### The problem
Whenever a line in the data holds the string "more", copy that line.

Records from a collection
'''

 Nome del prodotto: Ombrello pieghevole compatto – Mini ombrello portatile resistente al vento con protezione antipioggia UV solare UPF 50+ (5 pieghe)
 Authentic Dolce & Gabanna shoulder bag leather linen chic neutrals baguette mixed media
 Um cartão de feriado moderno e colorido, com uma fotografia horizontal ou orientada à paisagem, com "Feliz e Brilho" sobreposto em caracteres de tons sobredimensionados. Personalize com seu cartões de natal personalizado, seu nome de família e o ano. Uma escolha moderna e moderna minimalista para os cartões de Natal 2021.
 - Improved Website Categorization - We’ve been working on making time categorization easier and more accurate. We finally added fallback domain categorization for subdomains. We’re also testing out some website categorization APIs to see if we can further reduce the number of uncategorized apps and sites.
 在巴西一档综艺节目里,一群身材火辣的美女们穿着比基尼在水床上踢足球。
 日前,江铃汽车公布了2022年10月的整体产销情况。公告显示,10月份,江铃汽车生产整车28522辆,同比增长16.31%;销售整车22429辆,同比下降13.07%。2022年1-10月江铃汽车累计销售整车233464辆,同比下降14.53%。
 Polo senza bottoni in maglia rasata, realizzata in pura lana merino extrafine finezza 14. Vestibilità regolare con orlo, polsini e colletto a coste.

'''
'''

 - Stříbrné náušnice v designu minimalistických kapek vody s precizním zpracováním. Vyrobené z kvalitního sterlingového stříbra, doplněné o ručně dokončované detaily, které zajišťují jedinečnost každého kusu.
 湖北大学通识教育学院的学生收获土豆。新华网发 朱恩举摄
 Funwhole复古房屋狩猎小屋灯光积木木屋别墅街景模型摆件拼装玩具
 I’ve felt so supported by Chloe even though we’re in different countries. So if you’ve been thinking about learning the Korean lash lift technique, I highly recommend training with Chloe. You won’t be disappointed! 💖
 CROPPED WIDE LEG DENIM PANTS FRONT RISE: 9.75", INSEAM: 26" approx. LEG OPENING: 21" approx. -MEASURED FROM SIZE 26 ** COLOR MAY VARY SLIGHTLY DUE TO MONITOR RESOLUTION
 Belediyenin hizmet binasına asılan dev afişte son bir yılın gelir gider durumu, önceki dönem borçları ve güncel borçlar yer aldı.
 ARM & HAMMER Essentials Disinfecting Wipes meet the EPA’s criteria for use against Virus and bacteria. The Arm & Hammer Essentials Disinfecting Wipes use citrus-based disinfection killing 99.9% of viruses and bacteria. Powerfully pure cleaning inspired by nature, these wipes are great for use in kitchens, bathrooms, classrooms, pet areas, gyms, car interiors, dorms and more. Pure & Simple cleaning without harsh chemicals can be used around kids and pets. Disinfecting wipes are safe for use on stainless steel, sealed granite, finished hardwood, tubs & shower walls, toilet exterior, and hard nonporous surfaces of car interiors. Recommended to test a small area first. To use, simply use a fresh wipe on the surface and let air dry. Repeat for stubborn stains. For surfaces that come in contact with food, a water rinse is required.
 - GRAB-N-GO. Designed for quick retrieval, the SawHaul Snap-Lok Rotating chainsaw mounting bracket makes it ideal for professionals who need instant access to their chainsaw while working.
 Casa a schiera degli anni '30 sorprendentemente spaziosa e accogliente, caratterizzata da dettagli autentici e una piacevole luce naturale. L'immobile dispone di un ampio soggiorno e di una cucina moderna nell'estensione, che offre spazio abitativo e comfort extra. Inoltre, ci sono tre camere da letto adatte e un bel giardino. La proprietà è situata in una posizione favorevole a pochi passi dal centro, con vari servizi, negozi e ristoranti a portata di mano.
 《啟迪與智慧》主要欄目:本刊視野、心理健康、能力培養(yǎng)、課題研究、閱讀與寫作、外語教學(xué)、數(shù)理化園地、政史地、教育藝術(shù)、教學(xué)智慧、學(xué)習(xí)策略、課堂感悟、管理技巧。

'''

### Answer box
 - Improved Website Categorization - We’ve been working on making time categorization easier and more accurate. We finally added fallback domain categorization for subdomains. We’re also testing out some website categorization APIs to see if we can further reduce the number of uncategorized apps and sites.
 ARM & HAMMER Essentials Disinfecting Wipes meet the EPA’s criteria for use against Virus and bacteria. The Arm & Hammer Essentials Disinfecting Wipes use citrus-based disinfection killing 99.9% of viruses and bacteria. Powerfully pure cleaning inspired by nature, these wipes are great for use in kitchens, bathrooms, classrooms, pet areas, gyms, car interiors, dorms and more. Pure & Simple cleaning without harsh chemicals can be used around kids and pets. Disinfecting wipes are safe for use on stainless steel, sealed granite, finished hardwood, tubs & shower walls, toilet exterior, and hard nonporous surfaces of car interiors. Recommended to test a small area first. To use, simply use a fresh wipe on the surface and let air dry. Repeat for stubborn stains. For surfaces that come in contact with food, a water rinse is required.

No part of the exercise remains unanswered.